■ Your instructions
Print, exactly and with no pictures, the line containing "Mắc ca phục" and each line after it to the end of the entries below.

▼

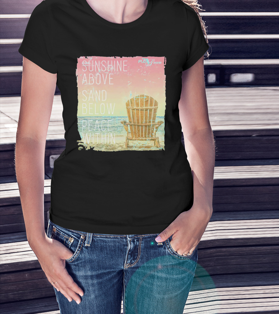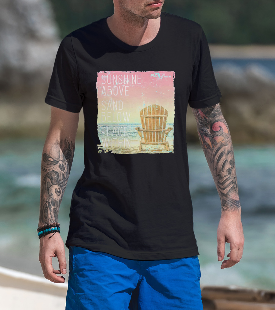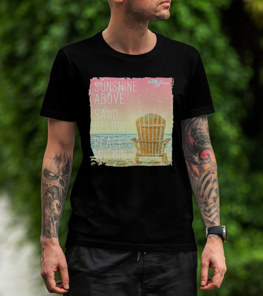 The Sunshine Above Sand Below Peace Within Beach Chair Tranquility T-shirt is designed for everyday wear and a consistent fit. Fabric is pre-shrunk ring-spun cotton with durable stitching. See the size chart below for exact measurements.
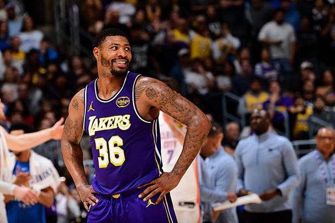 本場(chǎng)比賽中,湖人雖然輸?shù)袅吮荣?,但是球?duì)的先發(fā)后場(chǎng)大閘馬庫(kù)斯-斯馬特(Marcus Smart)的表現(xiàn)算得上是令人眼前一亮。斯馬特全場(chǎng)出場(chǎng)29分24秒,投籃16中7,三分線(xiàn)外7中4,罰球2中1,得到了19分3籃板3助攻2搶斷的數(shù)據(jù),還有1次失誤和1次犯規(guī),正負(fù)值為-4。斯馬特在進(jìn)攻端展現(xiàn)出了全面的得分能力,他能夠利用突破完成得分,他也展現(xiàn)出了不俗的外線(xiàn)投射能力。相比之下,斯馬特甚至可以說(shuō)是球隊(duì)最可靠的得分手,他也是在進(jìn)攻端起到了巨大的作用。斯馬特在防守端的表現(xiàn)同樣是相當(dāng)不錯(cuò)的,他也繼續(xù)扮演了后場(chǎng)大閘的角色并且在防守端起到了關(guān)鍵的作用。不夸張地說(shuō),要不是有斯馬特的超水平發(fā)揮,湖人顯然只會(huì)輸?shù)酶鼞K,甚至可能都沒(méi)有辦法撐到比賽最后一刻。
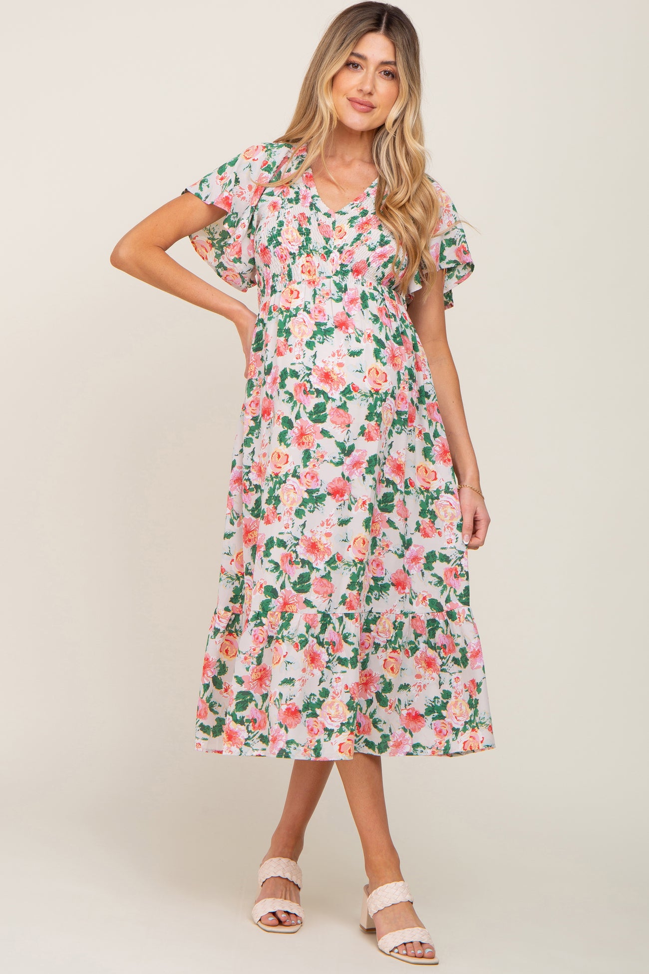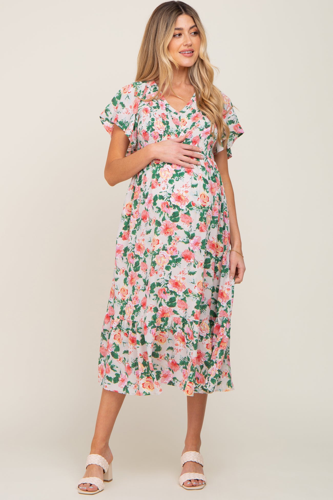Cream Floral Smocked Flutter Sleeve Maternity Midi Dress
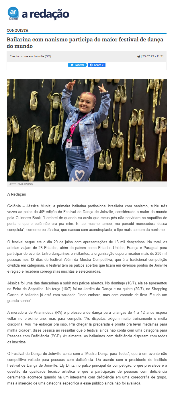 Bailarina com nanismo participa do maior festival de dança do mundo
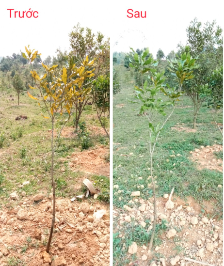Mắc ca phục hồi sau khi tưới 3 lần chế phẩm nano AKH Super Plus MCD
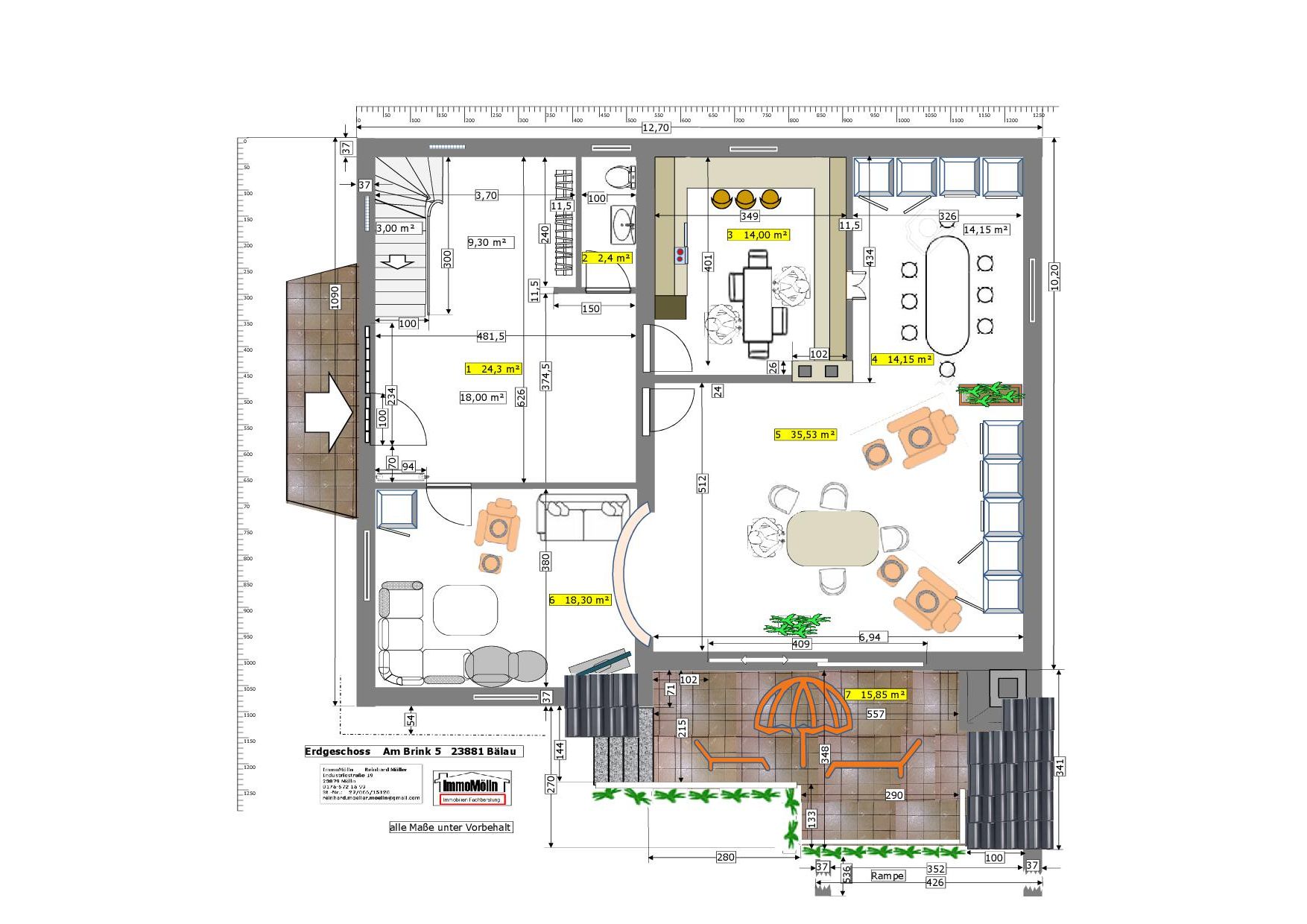 Der Wohnbereich im EG gliedert sich in 3 Abschnitte: Stube, Wohnzimmer und Esszimmer und gehen offen gestaltet ohne Türen ineinander über. Alle 3 Zimmer sind an der Decke weiß und haben einen Laminat-Fußboden im Esche-Design.
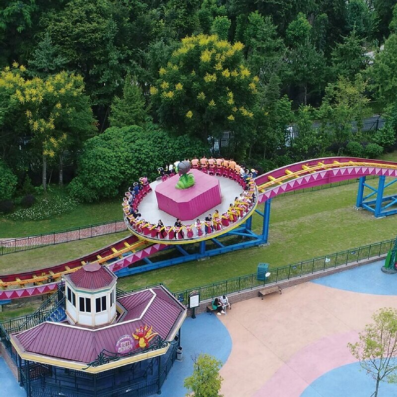 This model uses one disc (turntable) 그리고 one train, offering a rated capacity of 24 승객 per cycle with a ride duration of about 180 seconds. With a 91 m track length and an operating speed up to 46 km/h, it delivers thrilling pacing while maintaining efficient daily operation. The ride reaches a strong skyline presence with 12.7 m track height 그리고 13 m operating height, making it easy to spot, easy to market, and highly photogenic—especially with customized lighting and themed façade design.
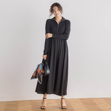 ハーフジップの襟デザインが効いたドッキングワンピース。
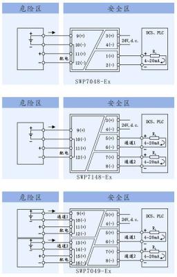 向危险区的变送器提供隔离的工作电源,同时检测回路中的电流,经隔离变送输出相互

▲

■ Response to this task
Mắc ca phục hồi sau khi tưới 3 lần chế phẩm nano AKH Super Plus MCD
 Der Wohnbereich im EG gliedert sich in 3 Abschnitte: Stube, Wohnzimmer und Esszimmer und gehen offen gestaltet ohne Türen ineinander über. Alle 3 Zimmer sind an der Decke weiß und haben einen Laminat-Fußboden im Esche-Design.
 This model uses one disc (turntable) 그리고 one train, offering a rated capacity of 24 승객 per cycle with a ride duration of about 180 seconds. With a 91 m track length and an operating speed up to 46 km/h, it delivers thrilling pacing while maintaining efficient daily operation. The ride reaches a strong skyline presence with 12.7 m track height 그리고 13 m operating height, making it easy to spot, easy to market, and highly photogenic—especially with customized lighting and themed façade design.
 ハーフジップの襟デザインが効いたドッキングワンピース。
 向危险区的变送器提供隔离的工作电源,同时检测回路中的电流,经隔离变送输出相互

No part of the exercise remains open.